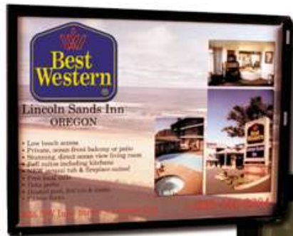
The wall frame above snaps open to allow easy access to the display.
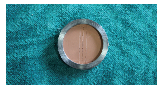
Figure 3: Preparation of test molds
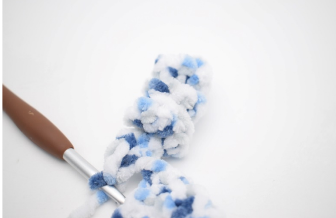
37. Like this.
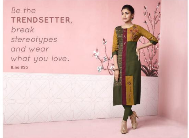
Be the TRENDSETTER, break stereotypes and wear what you love. D.no 855
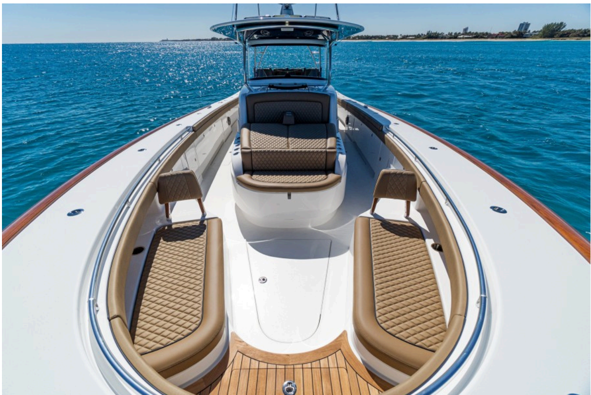
Valhalla 46 - Forward Seating 2022 Valhalla Boatworks V46

▶ _Aim of the exercise_: Omitting all pictures, copy the preceding entries without any alteration.

▶ _Final answer_:
The wall frame above snaps open to allow easy access to the display.
Figure 3: Preparation of test molds
37. Like this.
Be the TRENDSETTER, break stereotypes and wear what you love. D.no 855
Valhalla 46 - Forward Seating 2022 Valhalla Boatworks V46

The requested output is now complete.